*WHAT TO DO*. Exact copy, no pictures: return all the data below as written.
━━━ GIVEN DATA ━━━
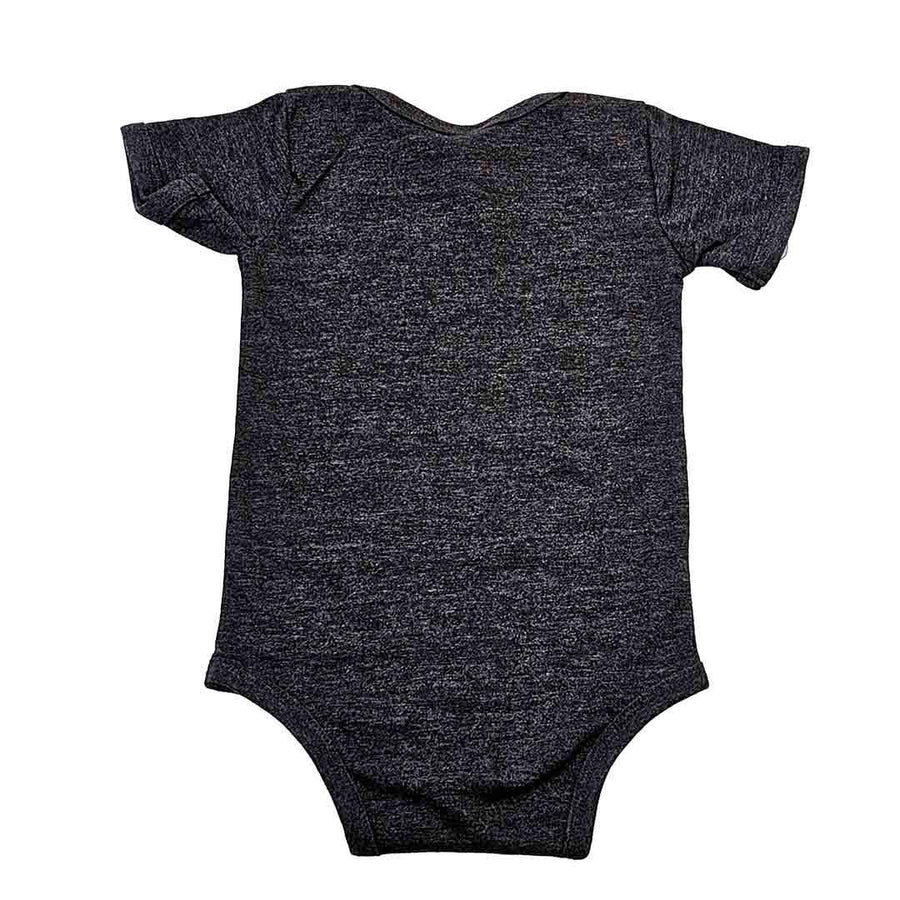 Heathered gray 50% polyester / 25% cotton / 25% rayon bodysuit with envelope shoulders and 3 snap buttons.
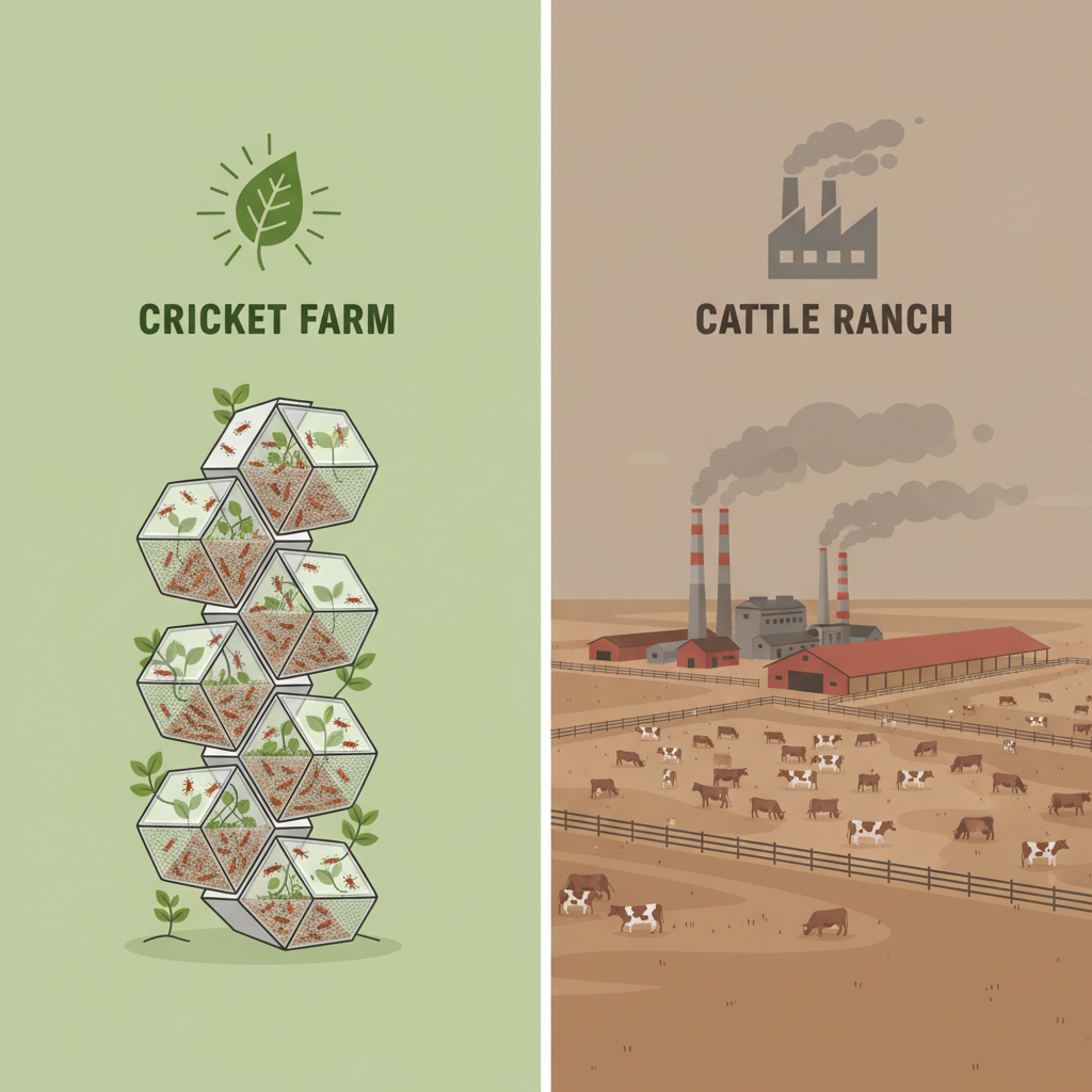 Raising cattle and chickens requires immense resources—land for grazing and growing feed, massive amounts of water, and it produces significant greenhouse gas emissions. Cricket farming, on the other hand, is a model of efficiency.
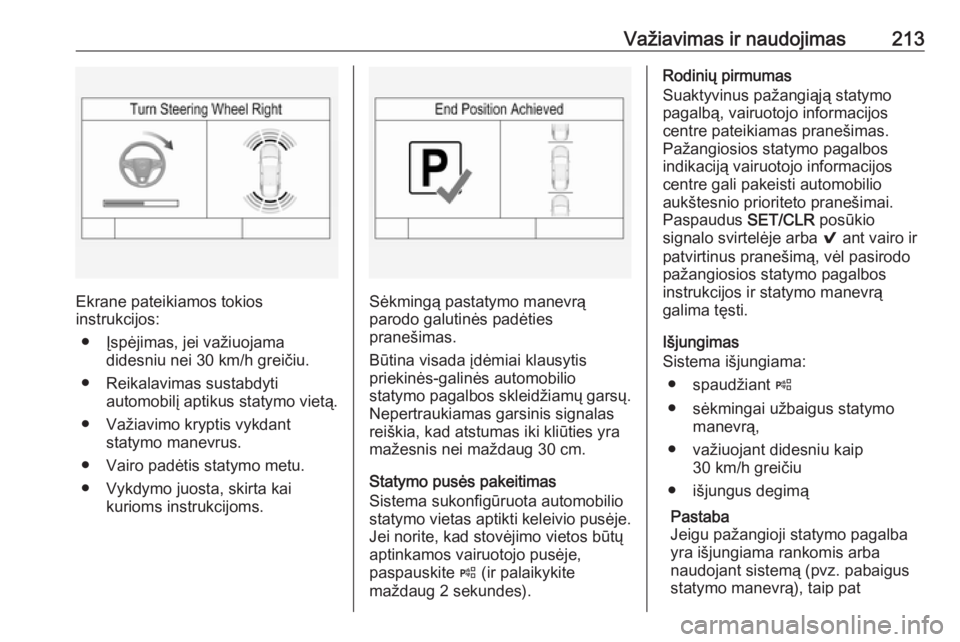 Jei pateikiant statymo instrukcijas aptinkamas objektas, vairuotojo
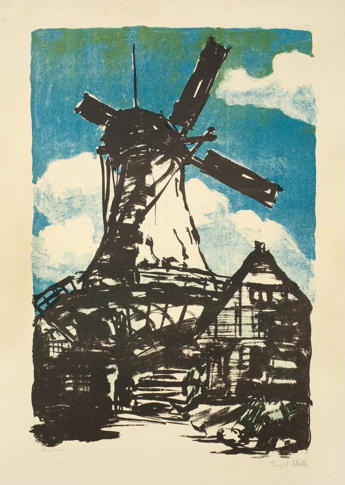 Emil Nolde, Great Mill, 1907/1915. Color lithography in black, blue and yellow.
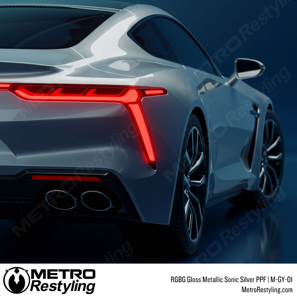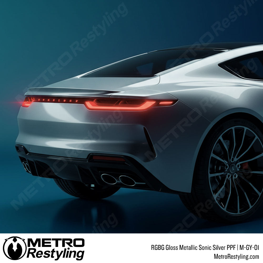 RGBG Gloss Metallic Sonic Silver Colored PPF delivers a sleek, modern metallic tone that perfectly balances elegance and performance. Its high-gloss surface reflects light with precision, adding depth and sophistication to every contour. Designed for those who value refined luxury with a contemporary edge, this finish enhances vehicles with a polished, high-tech aesthetic.
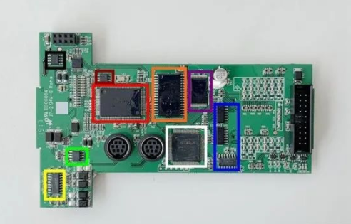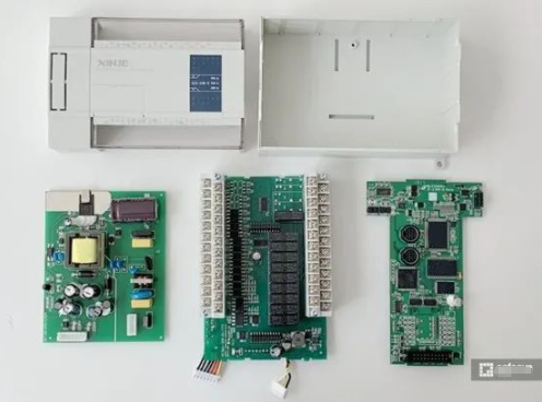 PLC 在 PCB 設(shè)計上分為了 3 個板子,從左至右分別為電源板、IO 口板以及主控板。
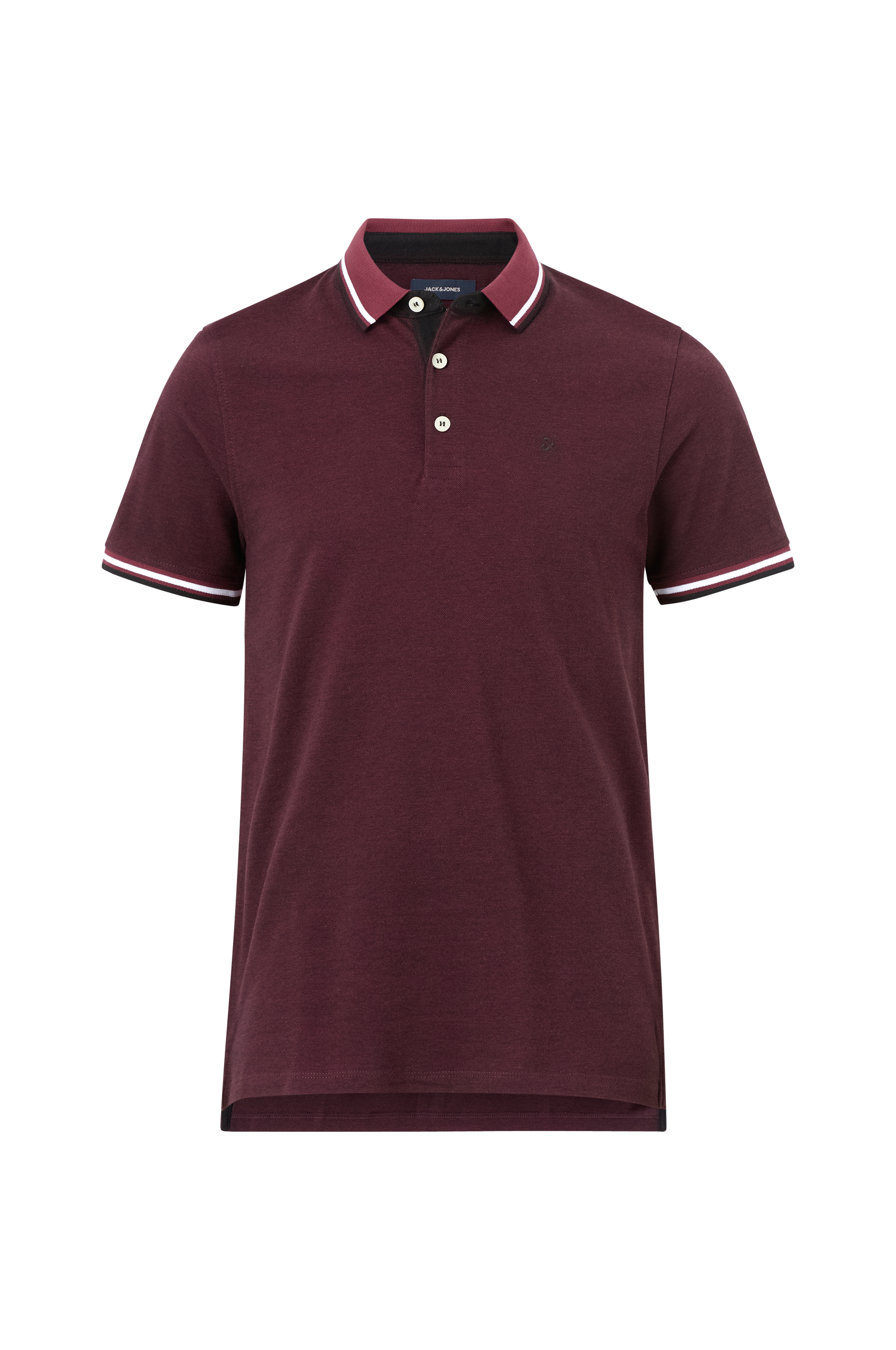 Poloshirt jjePaulos Polo SS fra Jack & Jones. Kortærmet pikéstrikket trøje med lille broderi på brystet og lille krave. Stolpelukning og kort ærme med lille kant i ærmet samt små slidser forneden i siderne. Længde foran ca. 70 cm og bagpå ca. 74 cm i str. M.
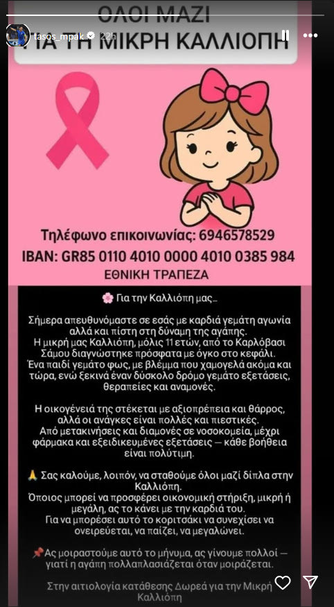 Στο πλευρό της μικρής Καλλιόπης, η οποία έχει διαγνωσθεί με όγκο στο κεφάλι, στέκονται οι Έλληνες διεθνείς, οι οποίοι μέσω αναρτήσεών τους έκαναν έκκληση για βοήθεια.
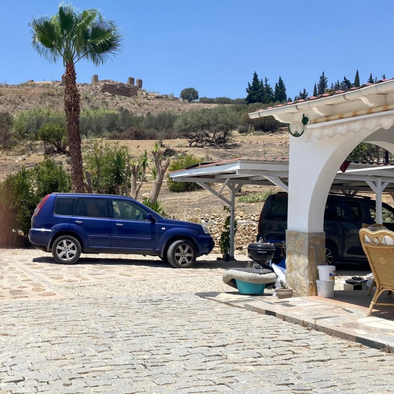 The entrance opens through electric gates onto a circular driveway that allows easy vehicle access around the property, including for motorhomes. A double carport provides covered parking, while a separate outbuilding contains a small garage (suitable for motorbike storage), a 2,000-litre water deposit, and an extra room now used as a workshop and storage space with potential for alternative uses.
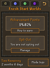 Fresh Start Worlds are brand-new worlds, with no established economy and fresh HiScores! There are both members and free-to-play Fresh Start Worlds, and the gameplay is exactly the same as it is in the main game – it’s just new!
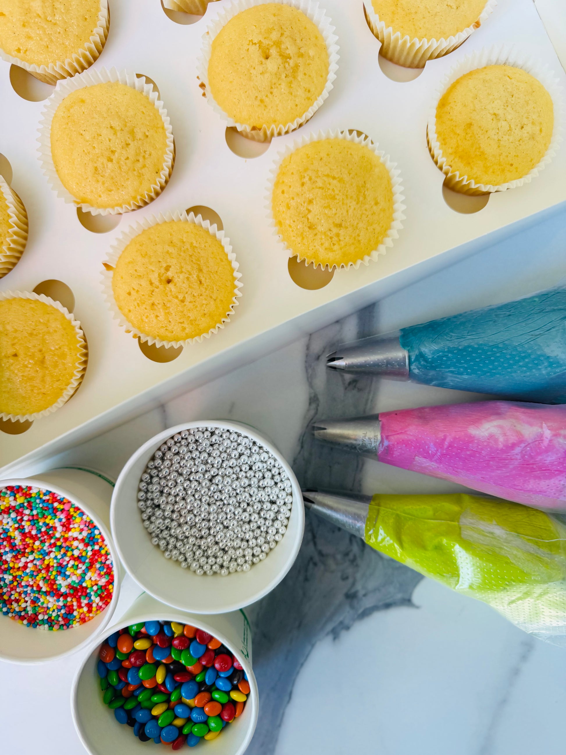 Unleash your inner baker with our DIY Cupcake Box – perfect for parties, gifts, or just a sweet treat at home! Each box comes with freshly baked cupcakes, three vibrant icing colours, and a variety of fun sprinkles so you can decorate your own delicious creations. No mess, no stress – just pure decorating joy for kids and adults alike!
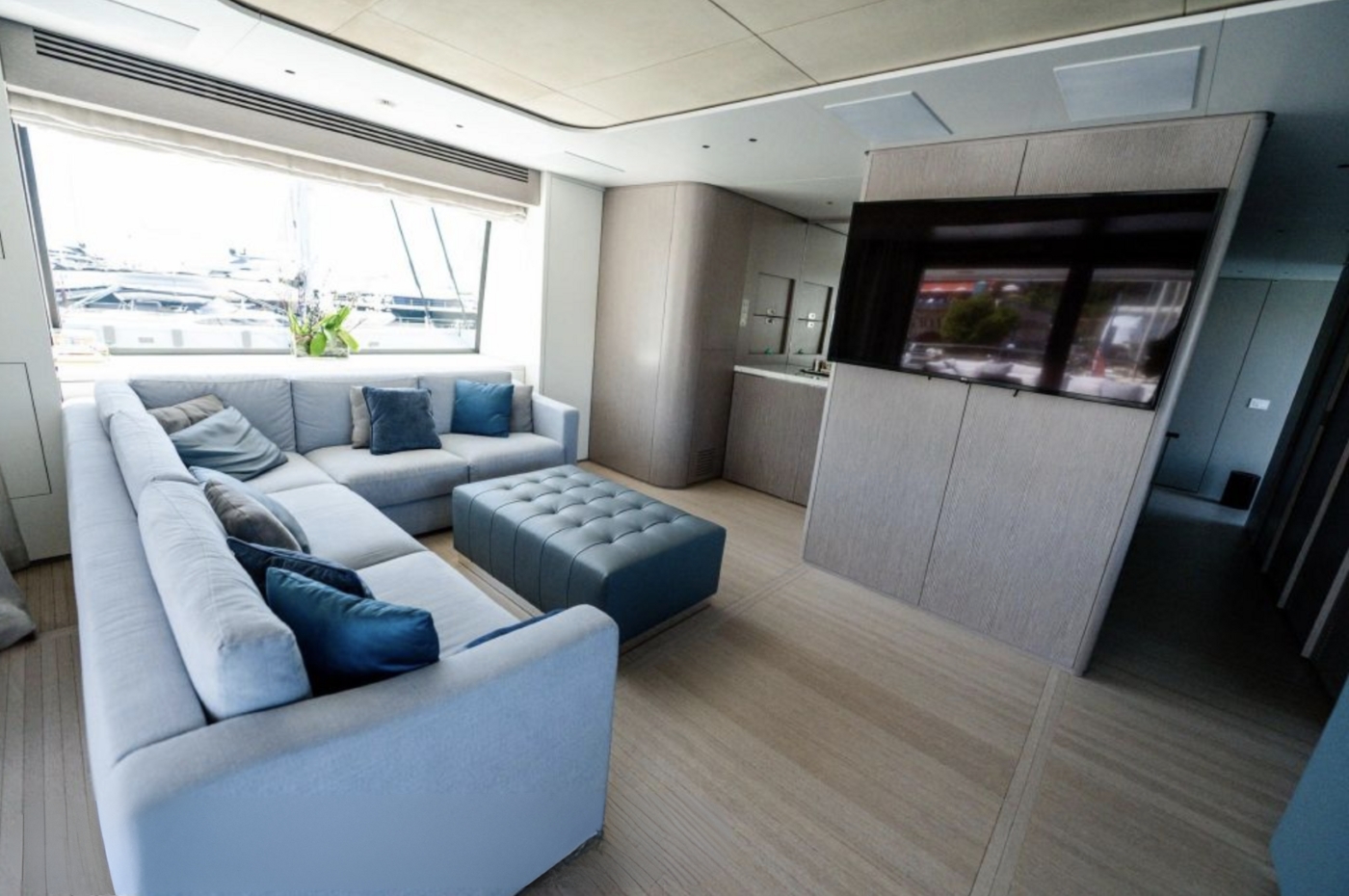 The interior of the yacht was designed by Bonetti / Kozerski architecture and features light wood finishes with neutral soft furnishings across a sky lounge and main salon with both lounge and dining room.
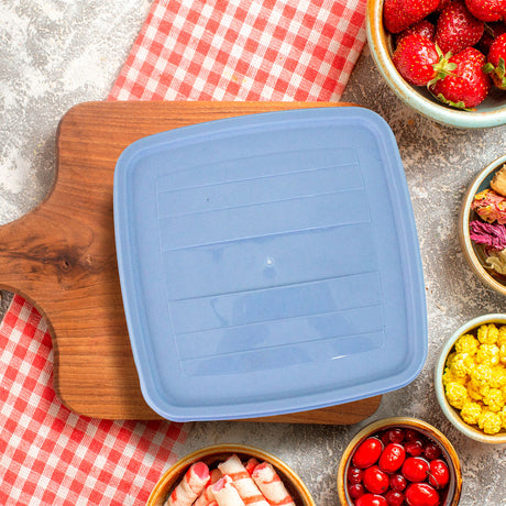 Contenedor de Plástico con Tapa Azul, 23x23x20cm
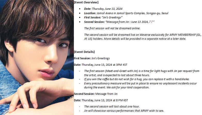 Officially called “Jin’s Greetings,” this event will feature two parts. The first part is an exclusive meet and greet with BTS Jin, where fans are allowed to hug BTS Jin just light enough if they win the raffle.
━━━
*ANSWER TO THE EXERCISE*.
 Heathered gray 50% polyester / 25% cotton / 25% rayon bodysuit with envelope shoulders and 3 snap buttons.
 Raising cattle and chickens requires immense resources—land for grazing and growing feed, massive amounts of water, and it produces significant greenhouse gas emissions. Cricket farming, on the other hand, is a model of efficiency.
 Jei pateikiant statymo instrukcijas aptinkamas objektas, vairuotojo
 Emil Nolde, Great Mill, 1907/1915. Color lithography in black, blue and yellow.
 RGBG Gloss Metallic Sonic Silver Colored PPF delivers a sleek, modern metallic tone that perfectly balances elegance and performance. Its high-gloss surface reflects light with precision, adding depth and sophistication to every contour. Designed for those who value refined luxury with a contemporary edge, this finish enhances vehicles with a polished, high-tech aesthetic.
 PLC 在 PCB 設(shè)計上分為了 3 個板子,從左至右分別為電源板、IO 口板以及主控板。
 Poloshirt jjePaulos Polo SS fra Jack & Jones. Kortærmet pikéstrikket trøje med lille broderi på brystet og lille krave. Stolpelukning og kort ærme med lille kant i ærmet samt små slidser forneden i siderne. Længde foran ca. 70 cm og bagpå ca. 74 cm i str. M.
 Στο πλευρό της μικρής Καλλιόπης, η οποία έχει διαγνωσθεί με όγκο στο κεφάλι, στέκονται οι Έλληνες διεθνείς, οι οποίοι μέσω αναρτήσεών τους έκαναν έκκληση για βοήθεια.
 The entrance opens through electric gates onto a circular driveway that allows easy vehicle access around the property, including for motorhomes. A double carport provides covered parking, while a separate outbuilding contains a small garage (suitable for motorbike storage), a 2,000-litre water deposit, and an extra room now used as a workshop and storage space with potential for alternative uses.
 Fresh Start Worlds are brand-new worlds, with no established economy and fresh HiScores! There are both members and free-to-play Fresh Start Worlds, and the gameplay is exactly the same as it is in the main game – it’s just new!
 Unleash your inner baker with our DIY Cupcake Box – perfect for parties, gifts, or just a sweet treat at home! Each box comes with freshly baked cupcakes, three vibrant icing colours, and a variety of fun sprinkles so you can decorate your own delicious creations. No mess, no stress – just pure decorating joy for kids and adults alike!
 The interior of the yacht was designed by Bonetti / Kozerski architecture and features light wood finishes with neutral soft furnishings across a sky lounge and main salon with both lounge and dining room.
 Contenedor de Plástico con Tapa Azul, 23x23x20cm
 Officially called “Jin’s Greetings,” this event will feature two parts. The first part is an exclusive meet and greet with BTS Jin, where fans are allowed to hug BTS Jin just light enough if they win the raffle.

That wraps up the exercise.